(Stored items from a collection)
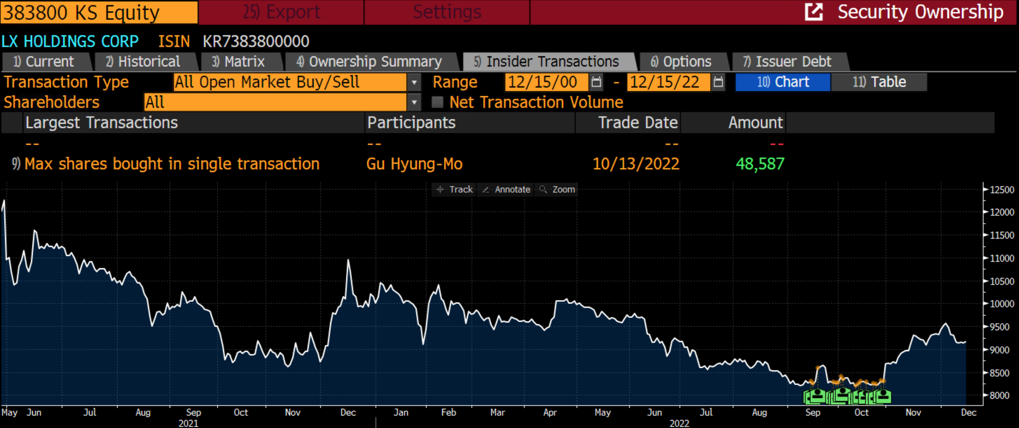 In September and October, there was a large insider buying by Koo Bon-Joon’s son Gu Hyung-Mo, who now acts as the new Vice President of LX Holding and owns 12% of the company. He must have seen value in the stock at around the KRW 8,000/share mark.
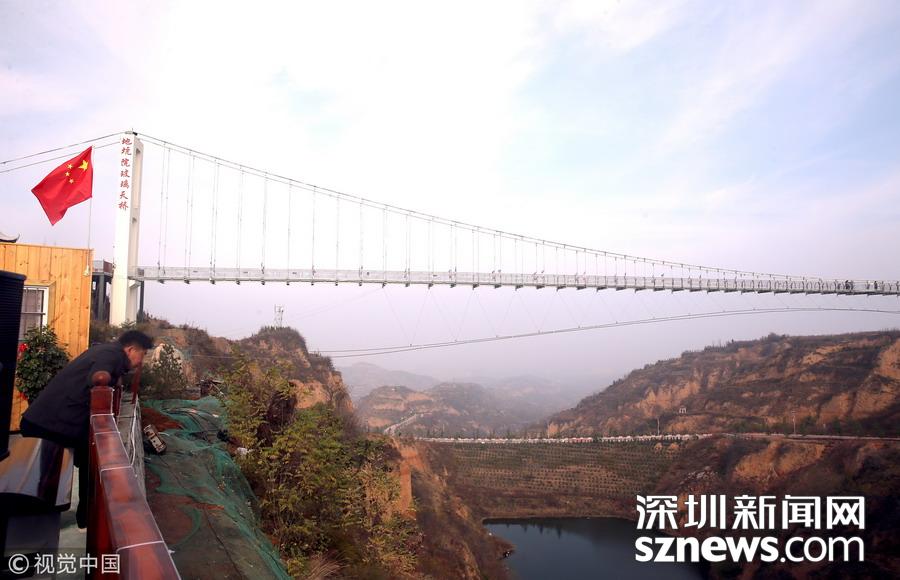 深圳新聞網(wǎng)訊 河南三門峽,位于陜州地坑院景區(qū)玻璃天橋。該項(xiàng)目橋梁總投資2600萬(wàn)元,全長(zhǎng)368米,寬3米,高108米,是目前河南省內(nèi)最長(zhǎng)的玻璃天橋,還將陸續(xù)對(duì)外開放夜景效果、聲光效果以及更多的體驗(yàn)效果,逐步打造成整個(gè)豫西地區(qū)乃至全省的旅游打卡新地標(biāo)。
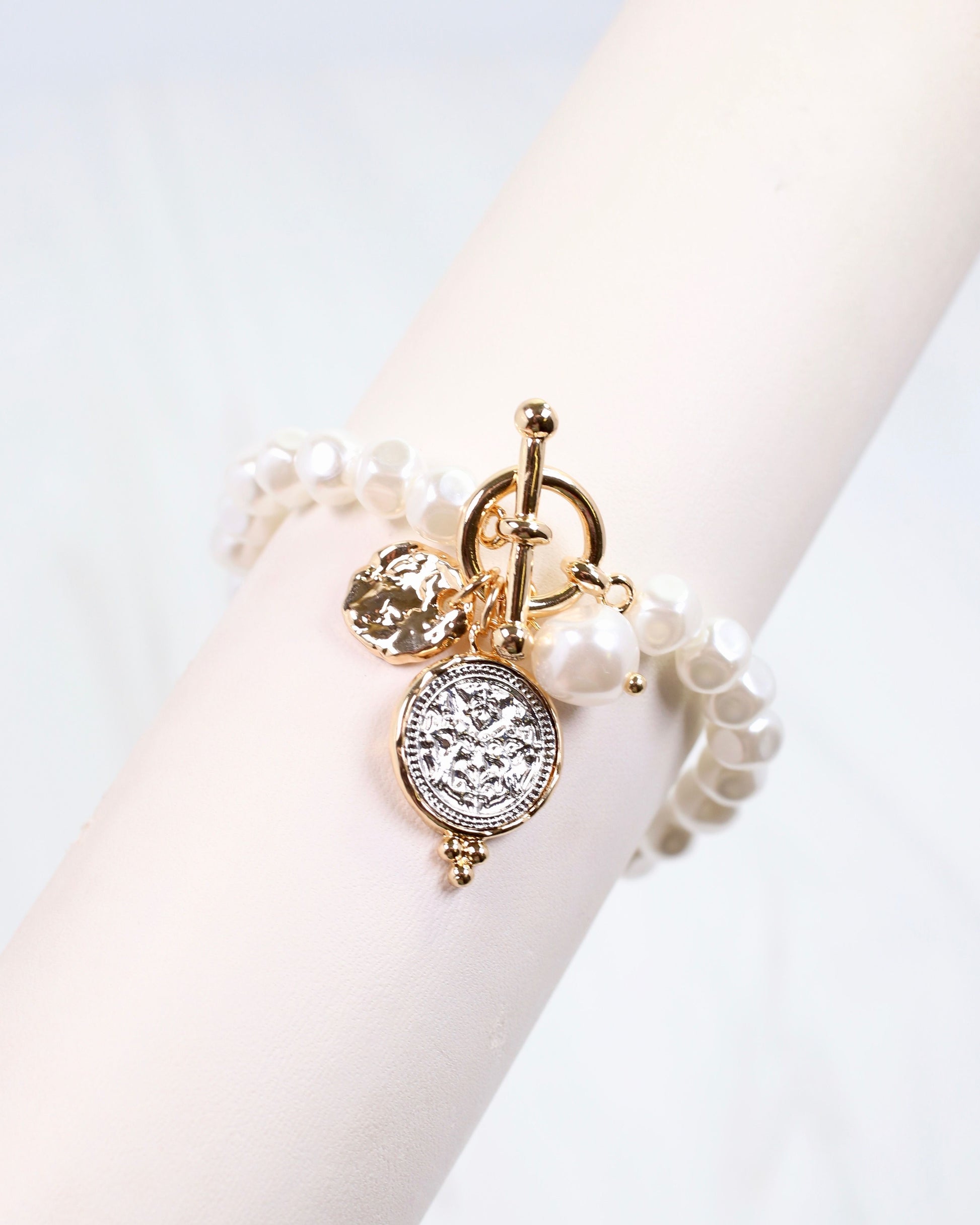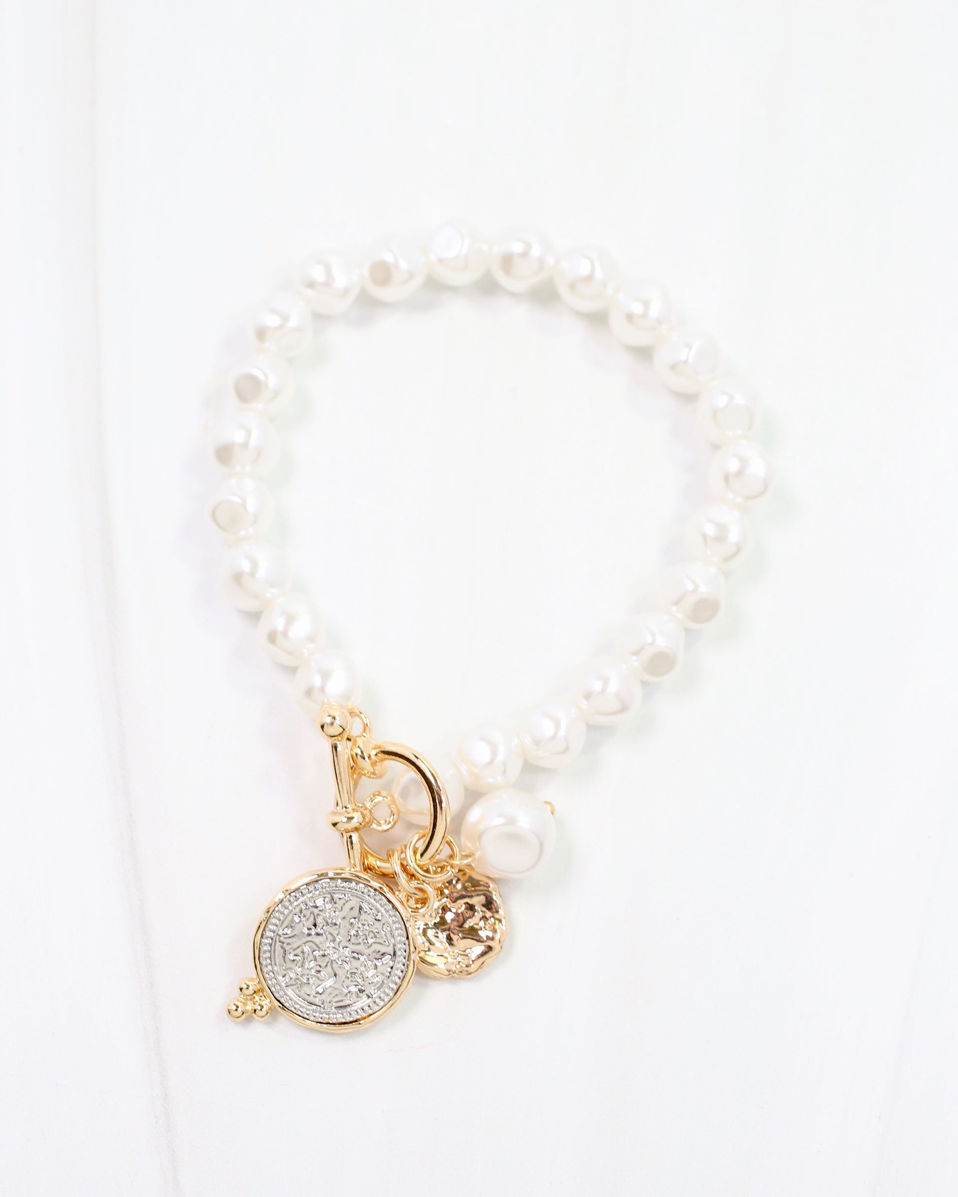 Elegant cream pearl beaded bracelet with decorative coin charms. Features lustrous pearls and a sophisticated layered design. Adjustable fit for all wrist sizes. Perfect for everyday wear or special occasions.
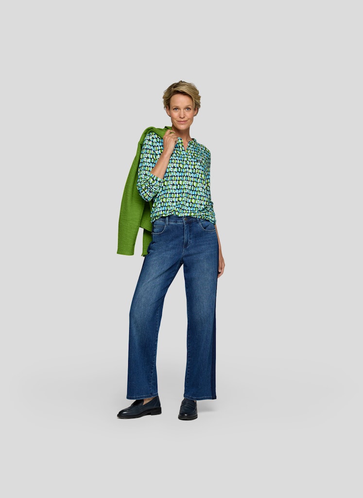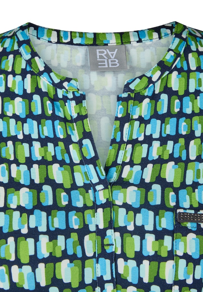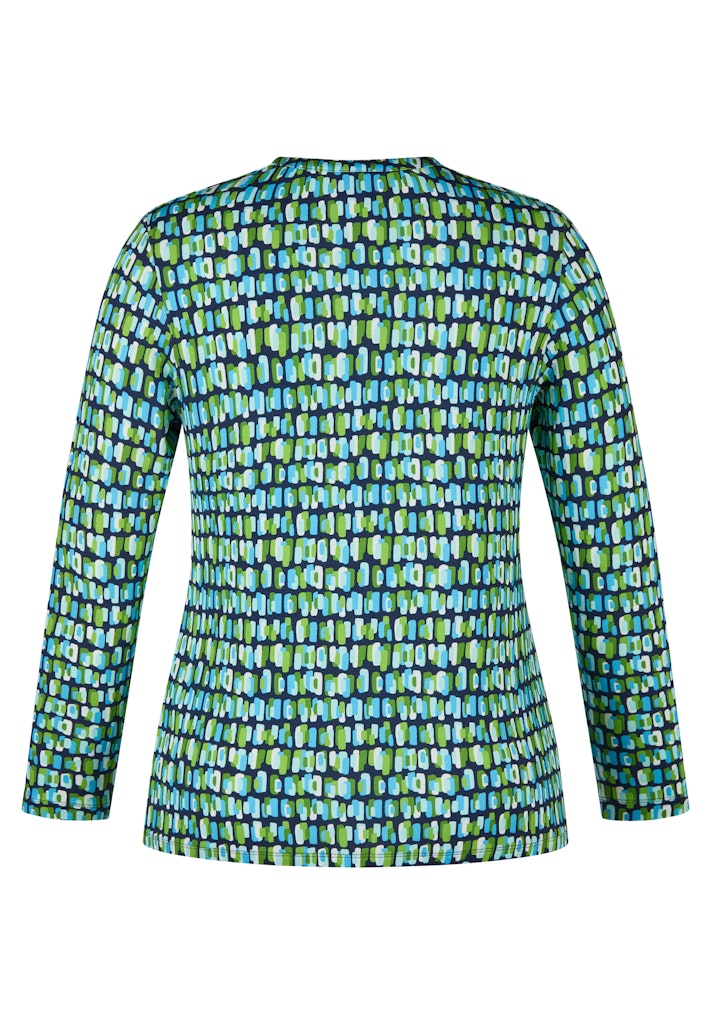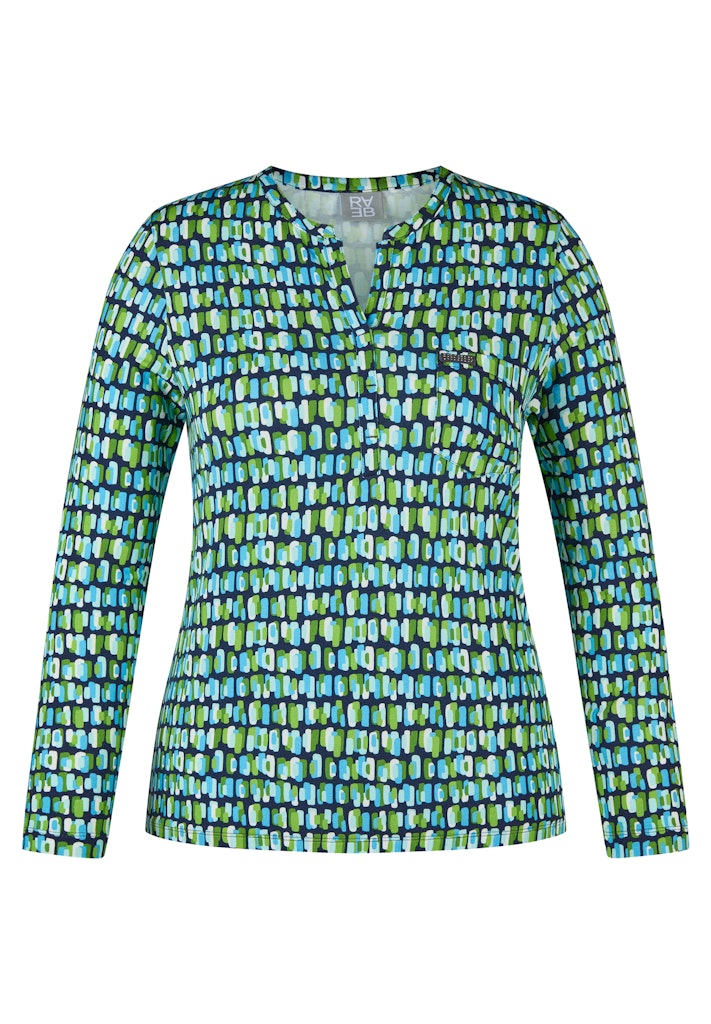 Der weiche Viskosemix sorgt für ein angenehmes Tragegefühl und eine gute Passform. Die geschlossene Schnittführung mit langen Ärmeln macht das Shirt zum vielseitigen Allrounder. Das lebendige Muster bringt Farbe in den Alltag. Ein dezentes Marken-Patch auf Brusthöhe rundet das Design ab. Trageangenehme Jerseyqualität. Elastischer Viskose-Elasthan-Mix. V-Ausschnitt mit schmalem Besatz. Allover mit lebendigem Muster. Marken-Patch auf der Vorderseite.
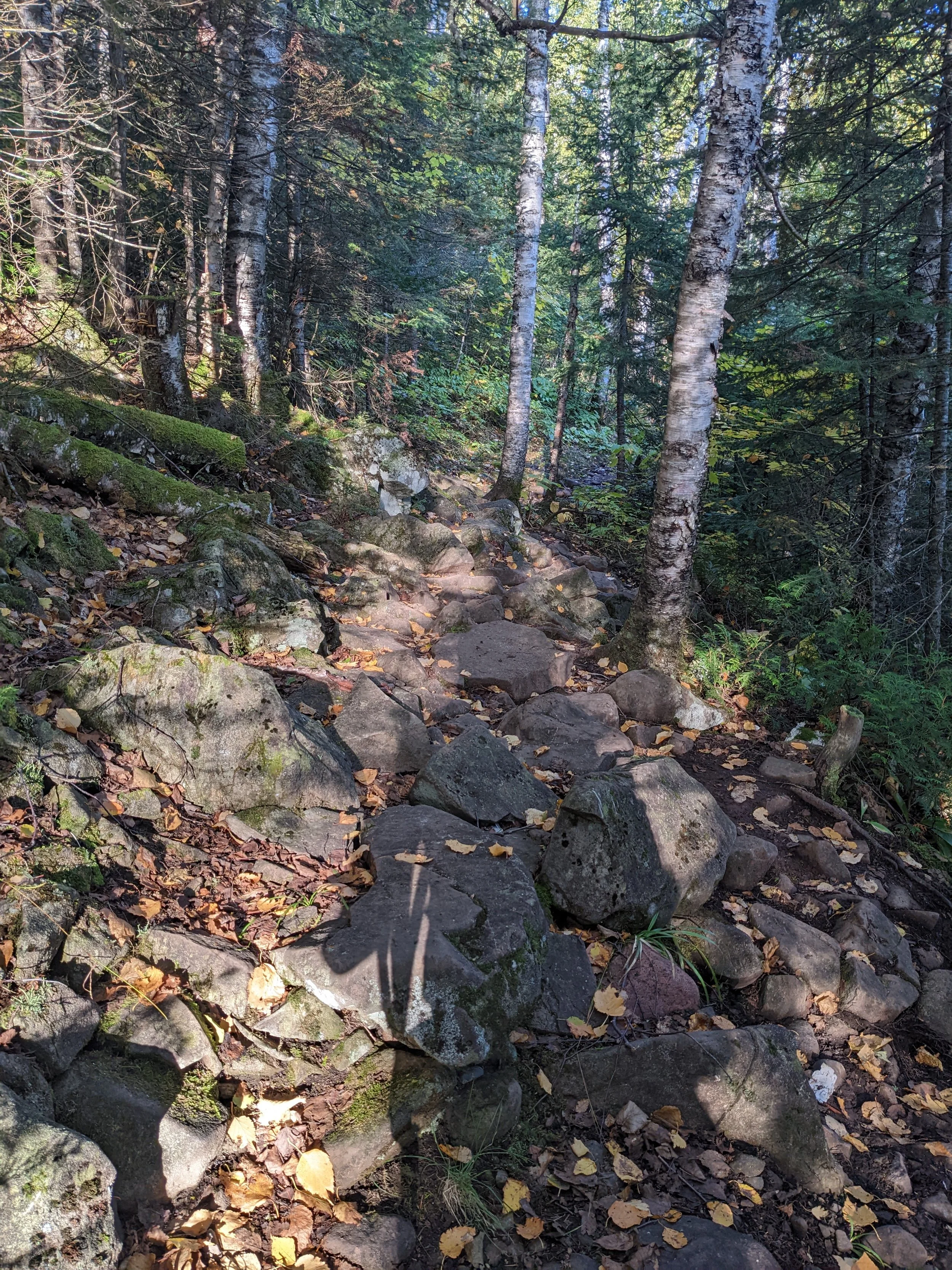 The day started by hiking through Cascade River State Park, which is one of my favorites along the north shore. Approaching Lookout Mountain from the south was much easier than climbing all the switchbacks from the park side! Due to a bridge closure on Cook County Road 45, I took the east side of the Cascade River loop (technically a spur trail, but it was the recommended reroute from the SHTA.) Along the east side of the river, there were some trail structures that were aging, some missing ties on downhill slopes, and especially near the northern end of the spur, a lot of mud. I was rewarded with some awesome views of the Cascade River, and the “hidden falls” near the road crossing. Just north of Cook 45, I came across some wise words written in the North Cascade River campsite trail register from “Texas” and “Mudflap”: “When in doubt, the trail goes up.”

» Task description: Each line from the one holding "Der weiche Viskosemix" through the final line of the data needs to be transcribed exactly. Include both ends, skip the pictures, and add nothing.

» Task output:
 Der weiche Viskosemix sorgt für ein angenehmes Tragegefühl und eine gute Passform. Die geschlossene Schnittführung mit langen Ärmeln macht das Shirt zum vielseitigen Allrounder. Das lebendige Muster bringt Farbe in den Alltag. Ein dezentes Marken-Patch auf Brusthöhe rundet das Design ab. Trageangenehme Jerseyqualität. Elastischer Viskose-Elasthan-Mix. V-Ausschnitt mit schmalem Besatz. Allover mit lebendigem Muster. Marken-Patch auf der Vorderseite.
 The day started by hiking through Cascade River State Park, which is one of my favorites along the north shore. Approaching Lookout Mountain from the south was much easier than climbing all the switchbacks from the park side! Due to a bridge closure on Cook County Road 45, I took the east side of the Cascade River loop (technically a spur trail, but it was the recommended reroute from the SHTA.) Along the east side of the river, there were some trail structures that were aging, some missing ties on downhill slopes, and especially near the northern end of the spur, a lot of mud. I was rewarded with some awesome views of the Cascade River, and the “hidden falls” near the road crossing. Just north of Cook 45, I came across some wise words written in the North Cascade River campsite trail register from “Texas” and “Mudflap”: “When in doubt, the trail goes up.”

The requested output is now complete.